— Подумать только, он приплел тебя! — подбадривал его на ратный подвиг Ломовцев. — Дядя Паша вдруг бил его! Это я мог ударить, у меня была хорошая злость, но не успел — больно уж он быстро промелькнул. На улице уже было не то..
Павел Иванович словно споткнулся, схватил Ломовцева за отвороты пальто, у него мелькнула догадка:
— Признайся, ударили вы его? Вы с Головниным вошли в дом, и тут же тракторист вылетел пулей.
— Не было такого.
— Он вылетел из избы пулей и сиганул с крыльца в сугроб. В темноте я всего не разглядел, но, что он упал, видел. Может, наткнулся на ледышку… Крыльцо без перил, вроде помоста, тут трезвый не удержится, а он прыгнул…

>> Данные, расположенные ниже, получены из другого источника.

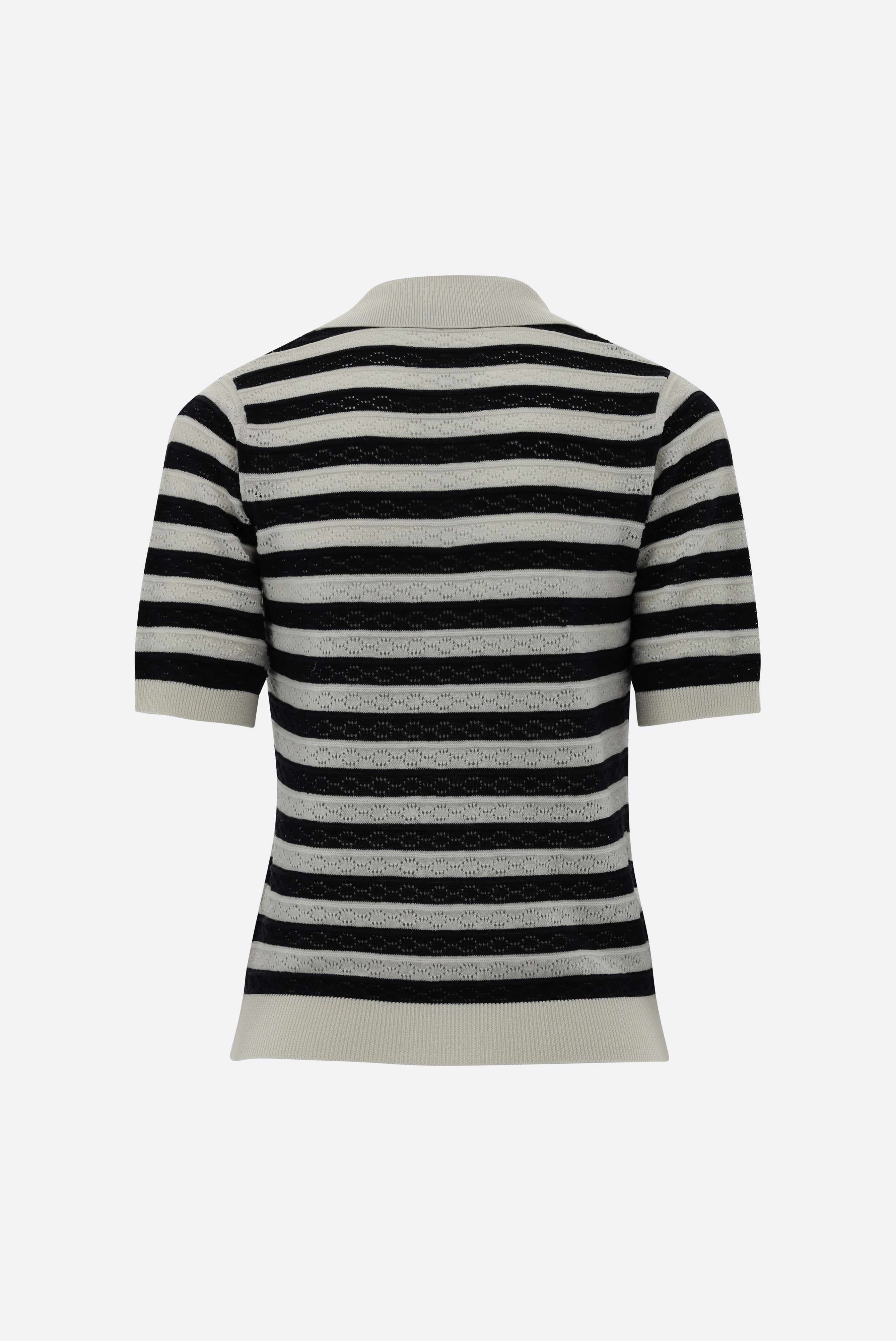 Striped V-neck polo shirt with openwork pattern, made of Air Cotton. This product impresses with its comfort and high-quality workmanship. The use of twisted, fine cotton yarns in a knitted lace pattern ensures exceptional breathability and creates a modern, romantic look.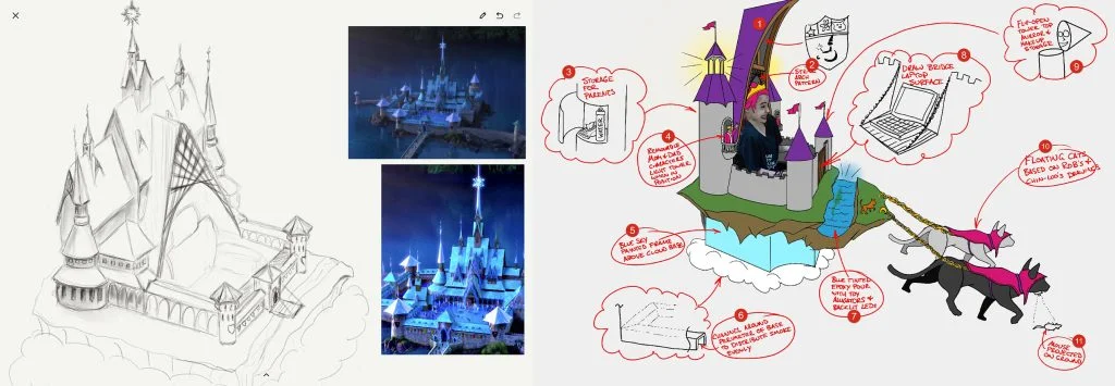 Sal jumped on the 3DEXPERIENCE platform and used 3D Sculptor to design the clouds and grounds for the castle. When the team gave him feedback and said the clouds looked a little flat, he went back and pushed and pulled the clouds—using Sub-D modeling, into their final rotund shape. For the grounds, Sal designed the basic shape with 3D Sculptor, and then David Law hand-carved the crags and texture into the final foam pieces.

— Я только вошел к следователю, глянул на этого Шумакова, сразу догадался: сейчас начнет врать, — сказал Баранчиков.
Павел Иванович во время разговора со следователем вполне созрел для решительных действий. Это важно: возраст и седые волосы что-то значат. На него любовно смотрели.
— Мы пойдем, — решительно сказал Павел Иванович. — У меня только из головы не выходит тот парень, дружинник, которого обвиняла Соколова… В первые дни войны мы стояли на воинской платформе, формировался состав. Солдатик, только что призванный… как чужой темный лес, знал воинские законы, так вот этот солдат попросил отлучиться домой. Он опоздал на три часа… Мы еще не успели отправиться… Но его расстреляли перед строем. Он до последней минуты думал, что с ним все происходит в шутку… Я видел, как бьется жилка на его шее, видел лицо мальчишки. Но то было такое время… А вот зачем она тут-то так?.. Мы пойдем к ней, но очень боюсь, ребята, сорваться… И все-таки мы пойдем. Надо узнать, где прокуратура.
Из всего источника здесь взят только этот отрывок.